In brief
- Solana Labs revealed a mobile platform called SMS and an Android smartphone device today.
- Decrypt spoke with Solana co-founder Anatoly Yakovenko after the event.
Solana‘s teasers leading up to yesterday’s “SMS” event suggested something to do with mobile, but few could have imagined the twist that was announced in New York City. Yes, Solana Labs has built a mobile software platform… but it’s also releasing a smartphone.
Solana Labs revealed yesterday the Solana Mobile Stack (SMS) software kit, which provides tools for developing native Android mobile apps, walls, and games, and also includes a decentralized app store. The company also revealed the Saga, a powerful Android smartphone that will be released in early 2023.
Anatoly Yakovenko, co-founder of Solana and CEO of Solana Labs, told Decrypt that his team has been working on the SMS push for about five months, and the hardware itself for a bit longer. But the idea of improving Web3 access and functionality on mobile has been in his head for years, particularly given his past experience as a Qualcomm engineer.
“What does it look like with 1 billion people using it [crypto]? What do you imagine?

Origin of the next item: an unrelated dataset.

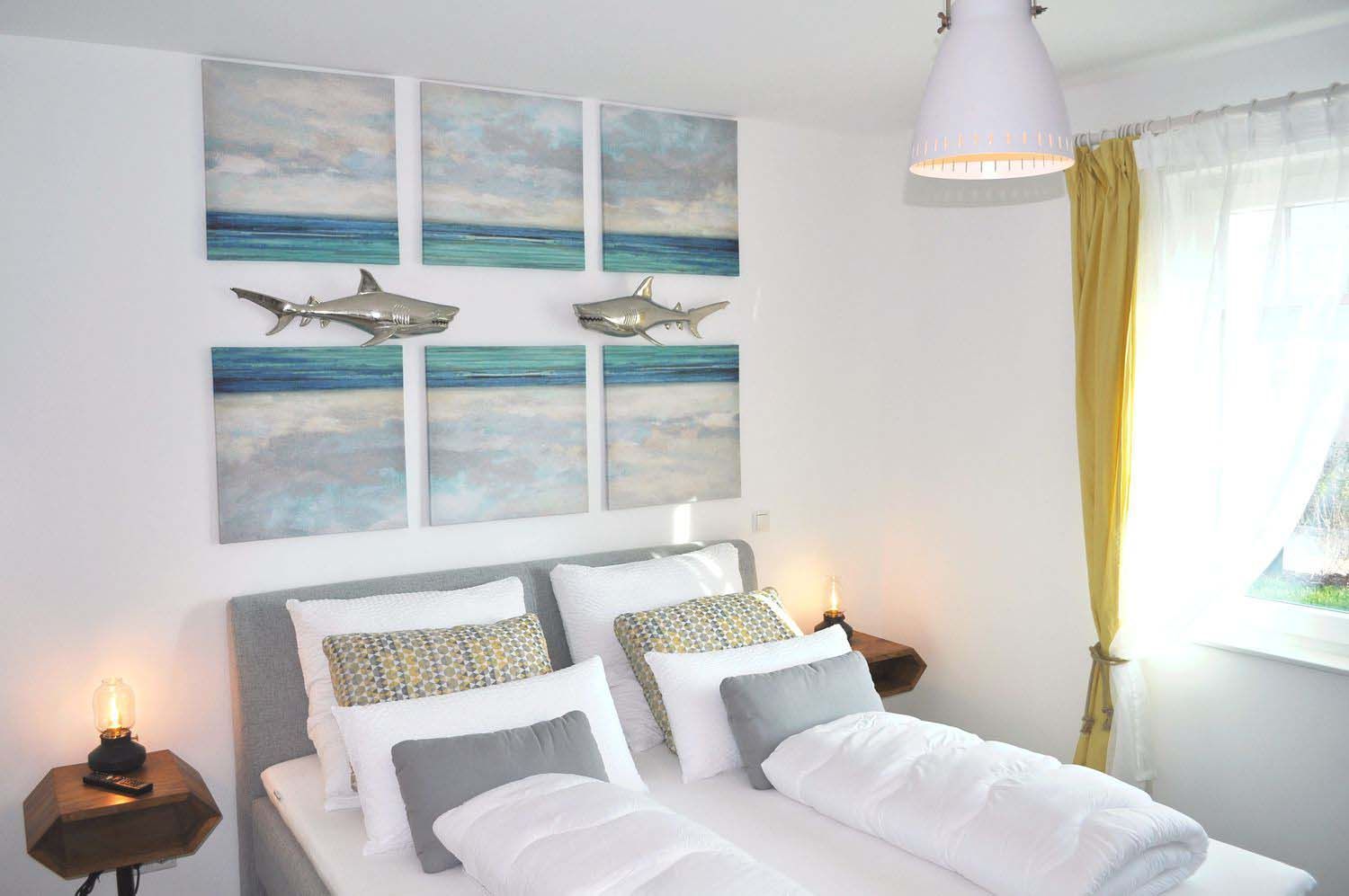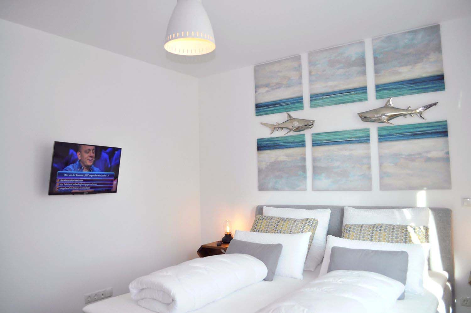 Schlafzimmer 1: 2 Matratzen, 2 Nachttische, 2 Nachttischlampen, Boxspringbett 2,00 x 1,80 m, elektrische Aussenrollladen, Flachbildschirm schwenkbar, Fussbodenheizung, Kabel-TV, Kleiderschrank, Kommode, Spiegel

It’s in this device—the device you use everyday,” he said, holding up the Solana Saga prototype. “That has to be your hardware wallet. That’s just something that we always felt.”
Yakovenko said the idea went from concept to reality once he met Jason Keats, founder and “Chief Hooligan” at OSOM Products. Keats was previously the R&D head at Essential, a startup that made its own Android phone, and OSOM will be doing much the same: the previously announced OSOM OV1 will now be rebranded as the Solana Saga.
It’s a powerful device. The sizable Android handset will feature a Qualcomm Snapdragon 8+ Gen 1 processor, a 6.67″ OLED display, 12GB of RAM, and 512GB of internal storage. Given the chance to briefly hold the phone, we can say it very much looks and feels like a premium Android phone that you’d find from Google or Samsung, with a dash of iPhone-like minimalism.
“It’s a pretty freakin’ cool device,” Yakovenko said. He added with a laugh, “Don’t drop it.”
Android runs on more than 3 billion devices around the world, so why build a new phone specifically for the Solana ecosystem? Yakovenko said that the device—which is estimated to sell for $1,000—will represent the gold standard for a Web3-centric smartphone, and showcase the full array of capabilities of the Solana Mobile Stack.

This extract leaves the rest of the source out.